» Exercise instructions
Where an entry contains a picture, omit the picture and repeat the rest exactly.
---------- Data for review
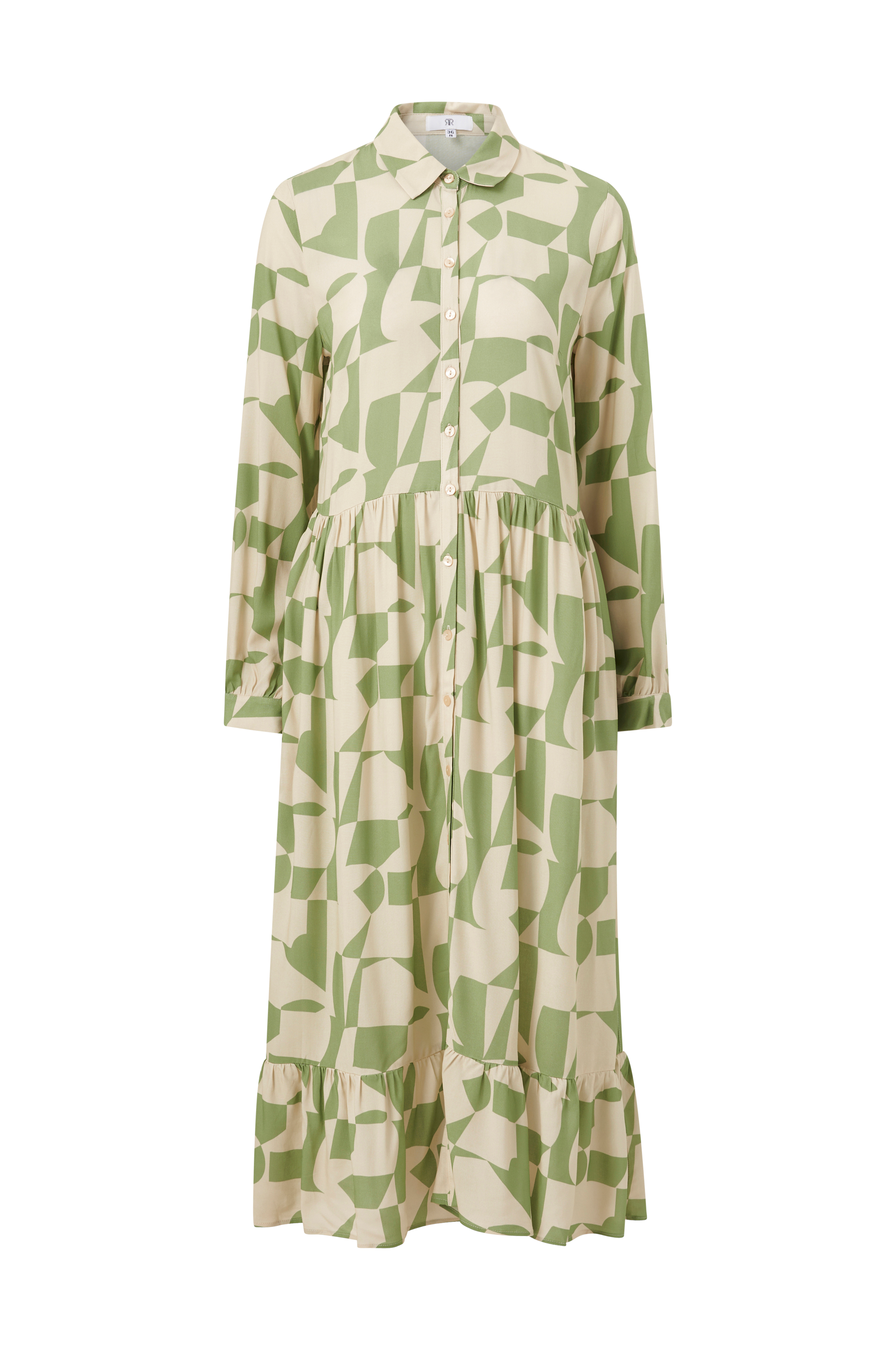 Skjortklänning som är lätt att matcha och passar året runt. Kvinnlig modell i mjukt tyg, med volang i nederkanten. Detaljer - Utställd modell - Midilängd - Hel knäppning - Lång ärm - Skjortkrage - Volang nedtill - Tryckt mönster Produktens mått i storlek 38/M - Längd: 125 cm - Ärmlängd: 62 cm
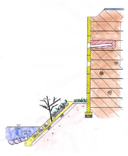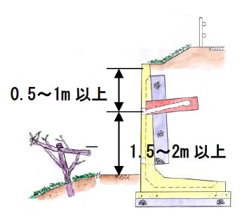| 【土柱ブロックの設置についての参考基準例】 ○外敵の侵入を防ぐ目的から、巣穴を設置する高さは地上から1.5m〜2m以上確保するのがよい。 ○同様の目的から、巣穴の部分から0.5m〜1.0m以上の垂直な盛土高さを確保するのがよい。 ○巣穴を保護する目的から上部には根を深くはる樹木を植えないようにするのがよい。 ○巣穴の前3m前後の距離に親鳥の給餌や雛が巣立つときに利用する「とまり木」を設置するのがよい。 ○土柱ブロックの設置する個数は擁壁の規模にもよるが、3〜5箇所程度を設置するのがよい。 ○地元専門家の方々のアドバイスをもらうこともお勧めします。 |
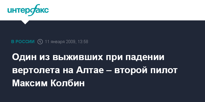 Москва. 11 января. INTERFAX.RU - По предварительным данным, среди выживших при крушении вертолета Ми-171 в Республике Алтай - второй пилот Максим Колбин, сообщил "Интерфаксу" губернатор республики Александр Бердников.
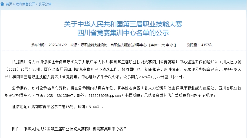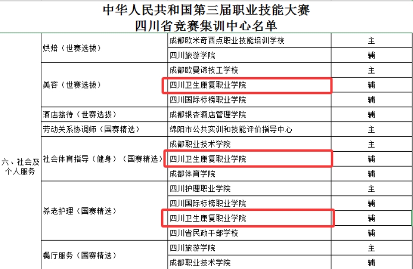 1月22日,四川省人力资源和社会保障厅发布了《关于中华人民共和国第三届职业技能大赛四川省竞赛集训中心名单的公示》。taptap点点美容(世赛选拔)、社会体育指导(健身)(国赛精选)、养老护理(国赛精选)三个项目成功入选。学校首次成功入选中华人民共和国职业技能大赛四川省竞赛集训中心。
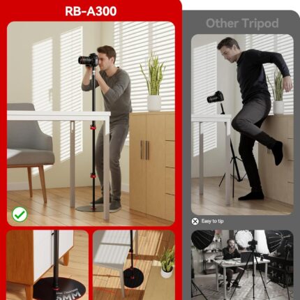 IFOOTAGE Round Base Monopod A300, 60″ Camera Tripod Monopod Aluminum Studio Camera Stand with 1/4” & 3/8” Screw/Light Adapter for Camera, Tripod Head, RingLight, Streaming, Interview, Payload 22lb
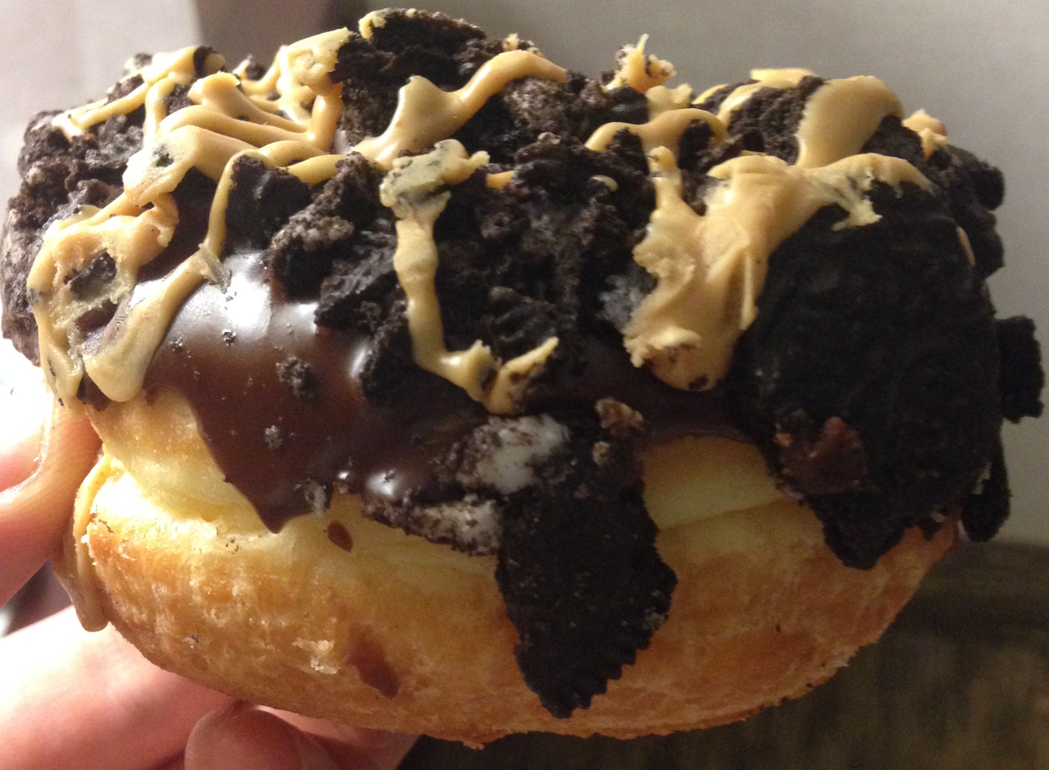 It started with a traditional yeast-raised ring doughnut with the same dough as the Voodoo doll along with a similar chocolate frosting on top. Then it got extra dirty with the giant, crunchy chunks of Oreos heaped on top that were then tricked out with a generous drizzling of peanut butter.
--------------------
» Reply to the task
 Skjortklänning som är lätt att matcha och passar året runt. Kvinnlig modell i mjukt tyg, med volang i nederkanten. Detaljer - Utställd modell - Midilängd - Hel knäppning - Lång ärm - Skjortkrage - Volang nedtill - Tryckt mönster Produktens mått i storlek 38/M - Längd: 125 cm - Ärmlängd: 62 cm
| 【土柱ブロックの設置についての参考基準例】 ○外敵の侵入を防ぐ目的から、巣穴を設置する高さは地上から1.5m〜2m以上確保するのがよい。 ○同様の目的から、巣穴の部分から0.5m〜1.0m以上の垂直な盛土高さを確保するのがよい。 ○巣穴を保護する目的から上部には根を深くはる樹木を植えないようにするのがよい。 ○巣穴の前3m前後の距離に親鳥の給餌や雛が巣立つときに利用する「とまり木」を設置するのがよい。 ○土柱ブロックの設置する個数は擁壁の規模にもよるが、3〜5箇所程度を設置するのがよい。 ○地元専門家の方々のアドバイスをもらうこともお勧めします。 |
 Москва. 11 января. INTERFAX.RU - По предварительным данным, среди выживших при крушении вертолета Ми-171 в Республике Алтай - второй пилот Максим Колбин, сообщил "Интерфаксу" губернатор республики Александр Бердников.
 1月22日,四川省人力资源和社会保障厅发布了《关于中华人民共和国第三届职业技能大赛四川省竞赛集训中心名单的公示》。taptap点点美容(世赛选拔)、社会体育指导(健身)(国赛精选)、养老护理(国赛精选)三个项目成功入选。学校首次成功入选中华人民共和国职业技能大赛四川省竞赛集训中心。
 IFOOTAGE Round Base Monopod A300, 60″ Camera Tripod Monopod Aluminum Studio Camera Stand with 1/4” & 3/8” Screw/Light Adapter for Camera, Tripod Head, RingLight, Streaming, Interview, Payload 22lb
 It started with a traditional yeast-raised ring doughnut with the same dough as the Voodoo doll along with a similar chocolate frosting on top. Then it got extra dirty with the giant, crunchy chunks of Oreos heaped on top that were then tricked out with a generous drizzling of peanut butter.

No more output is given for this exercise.